For instance, period-end reporting is far easier when managed through system functions within familiar Excel spreadsheets. By relying on automated consolidation functions, there is a significant cut down on time spent extracting the company’s financial performance, as well as more accurate results at a lower cost and improved data control that allows for better decision-making.
Put differently, businesses get a predictive AI layer atop Excel, directly plugging in advanced capabilities. As the end result, CFOs get to stay in love with their spreadsheets and deliver more precise and understandable performance information to company stakeholders. At the same time, they’re retaining flexibility and adaptability to a changing environment.
Unify cross-organizational real-time data for comprehensive analysis
Automation is a major step in the broader AI adoption that also lends a hand to increased data visibility across the business. Handling multiple data sources in spreadsheets historically takes a great deal of time.
Without uniform access in real-time, the entire process is often poorly executed as financial reports tend to be incomplete and inaccurate, even irrelevant in some cases. As a result, they don’t contain decision‐useful information.
AI collects structured and unstructured spreadsheet data and turns it into a centralized database, essentially mashing together disparate data sources.
With its data centralized, a business can perform real-time allocation tracking, for example, in order to understand all the expenses that go into a specific business activity.

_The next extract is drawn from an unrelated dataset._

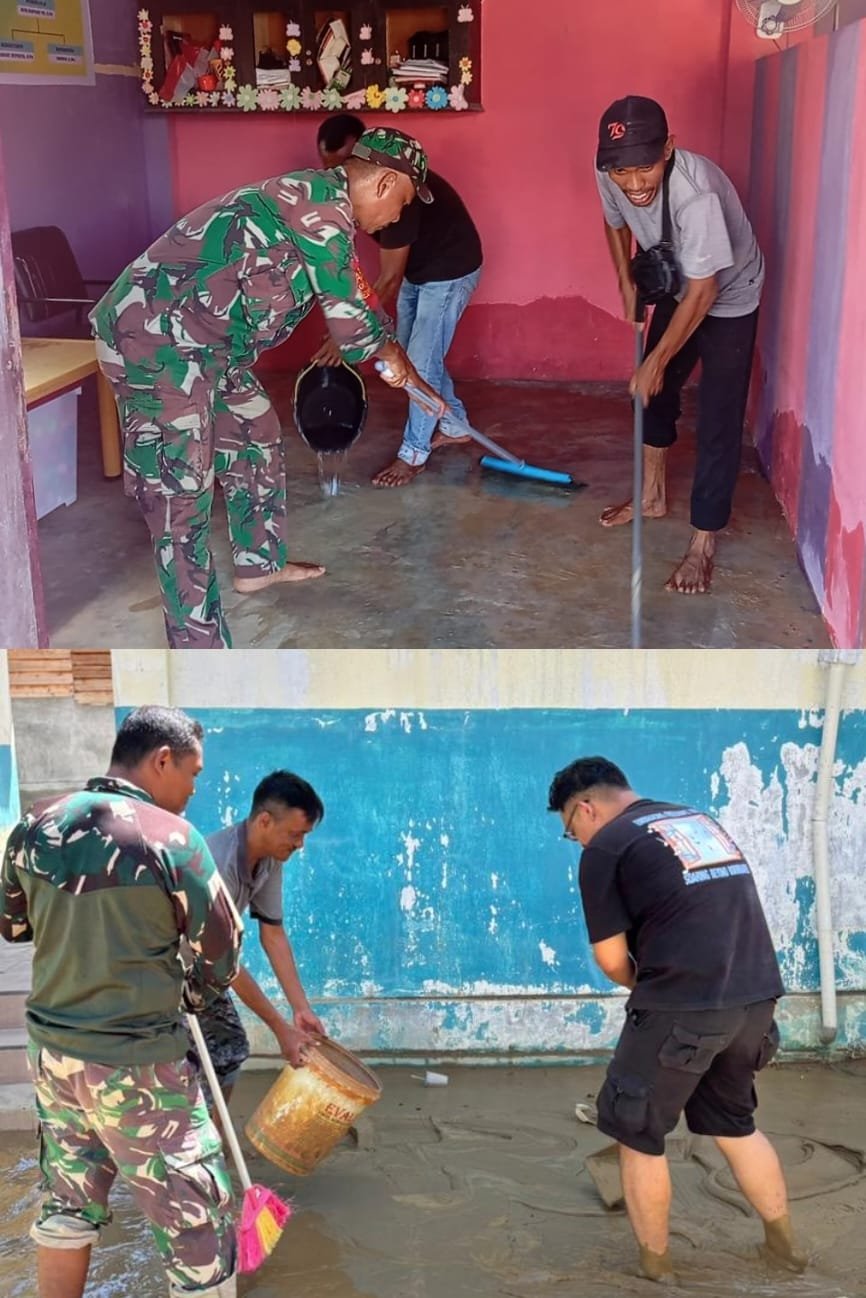 “Semangat bersatu ini adalah wujud solidaritas Babinsa untuk menambah motivasi agar warga berperan aktif membersihkan sarana sekolah. Bantuan tenaga Babinsa sangat mempercepat proses pembersihan dan menjadi modal utama bagi para pelajar agar dapat masuk sekolah dan kegiatan belajar kembali normal. Dengan menggunakan peralatan manual dan semangat yang tinggi, sisa-sisa lumpur berhasil dibersihkan secara bertahap. Semoga anak-anak kita besok dapat melaksanakan ujian sesuai jadwal dan tidak mengalami kendala sekecil apa pun,” tandas Danramil.

Some FP&A platforms can integrate with other mission-critical platforms such as CRM, ERP, and inventory management systems, housing all the financial data under one roof. In addition, platforms with Excel as a front-end interface can sync with virtually any tool capable of exporting data as a CSV file.
This not only broadens the options for CFOs in terms of data manipulation but also offers full-scale granularity and the ability to generate reports on the fly according to specific needs.
They can collect huge, diverse data sets in a more comprehensive manner and analyze them quickly. Thus, finance moves closer to standardization, where data is collected and updated on a routine basis, and most importantly - made readily available whenever the situation requires it with interactive and embeddable visualizations.
You can love it, hate it, or have a passive-aggressive love-hate relationship with it but the fact is, Excel is here to stay.
Another fact is that advanced financial planning and analysis tools are encroaching on its territory with their potent combo of database capabilities, deep analytics, and rich visual representations. This is especially pertinent to the latest generation of CFOs who may not have such strong ties to the legacy software as their older peers.
By introducing automation in the mix, Excel sheds the look of an inferior option and eliminates manual processes that present a roadblock to increased efficiency and accuracy in reporting.
Plus, for finance leaders looking to ease their way into more automation in their processes, this is arguably the best place to start: tedious, repetitive tasks where impact can be felt instantly. Automation solutions don’t have to be ones with massive disruption and investment impact. There is a place for AI-powered, Excel-driven financial reporting - but only if CFOs acknowledge the current limitations.